Back-end and ongoing loads – Mutual funds are usually listed as A, B and C shares. All of these classes have a load of some kind, cutting into your finances. A shares have a front-end load. B shares have a back-end load. This means that you have to pay at least 5 percent if you sell the funds within 5 to 7 years. C shares have a back-end load which means that if you sell the fund in the first year you pay at least 1 percent.
Quick and simple advice for you: avoid load funds!!! No-load funds are the same and perform just as well, but are much cheaper!
3 – Management fees
These vary considerably for different funds. For example, bond funds have small fees. International equity funds, on the other hand, have large fees, to cover the traveling costs of the fund managers.

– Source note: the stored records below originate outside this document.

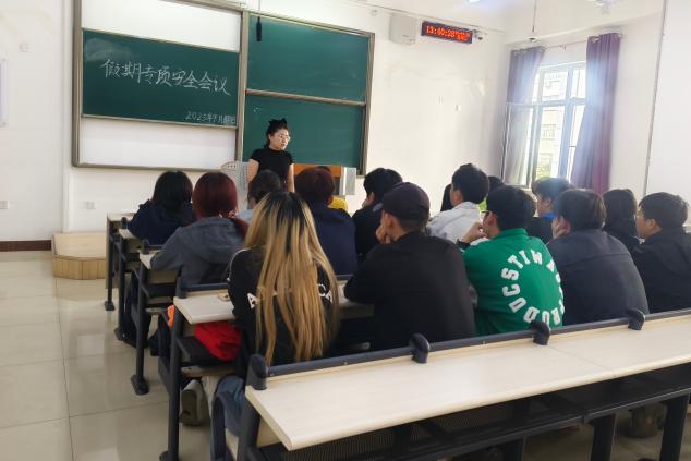 各位辅导员老师在各自包联的班级召开班会,从宿舍安全、交通安全、消防安全、网络安全等方面入手,对同学们进行了详细的安全知识讲解,并明确了相关注意事项和纪律要求。教育引导同学离校前务必做到人走电断,杜绝宿舍安全隐患;严格遵守学院请销假制度,非必要不请假,确需离校须如实填报去向信息。引导同学遵纪守法,遵守社会道德规范,外出时应做好自身防范措施,确保出行安全。
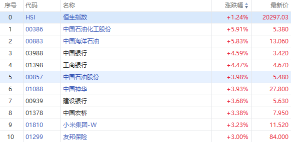 5月8日消息,美股上周五表现理想,非农就业职位数据远超市场预期,加上苹果公司绩后股价造好,支持美股表现,港股上周五则反复靠稳。今日早盘,港股恒指高开高走,午盘涨0.75%,午后恒指涨幅进一步扩大,截至收盘,恒指涨1.24%,报2097.03点。中石化、中海油暴涨近6%,领涨蓝筹。
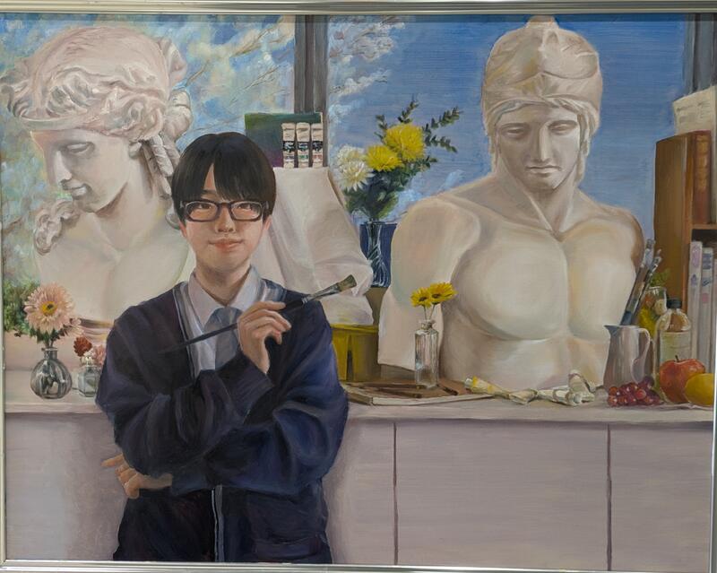 「苦手な人物像」とありますが、前回の県高等学校美術展では人物像で奨励賞を頂いています。さらに、その作品は教科書会社の「光村書店」の生徒作品ギャラリーに掲載されました。(https://artby.jp/wp-content/uploads/2025/03/k_00254.jpg)
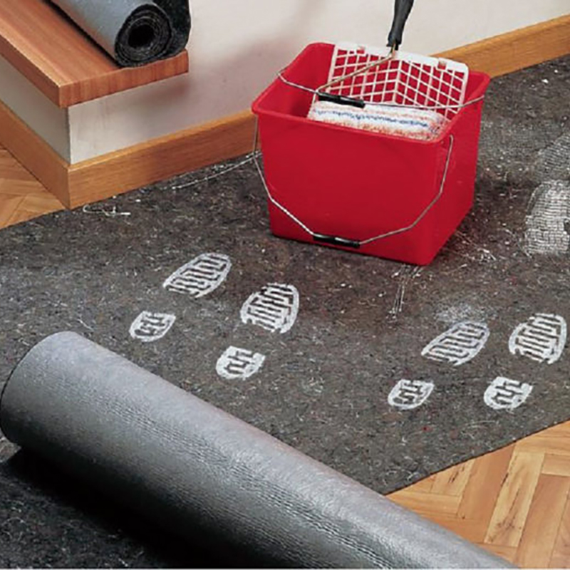 Protector de suelos, provisto de una lámina plástica de seguridad que evita que traspasen líquidos. Dicha lámina trasmite un óptimo agarre a la superficie colocada, evitando deslizamientos. No se rompe ni se desgarra, pudiendo ser reutilizada.

Management fees DO vary widely, and this is where you as an investor has the most choice,l and it brings me back to my first point. There is no reason why you should be paying super high management fees if you are not getting the reward, but just going for the lowest fees might leave you with minimal reward anyway. It is important to know how the manager has been running any particular fund, and the returns that he or she has made. If the results are better than the market average, then it would be worth paying a higher than average management fee if this fund demands it.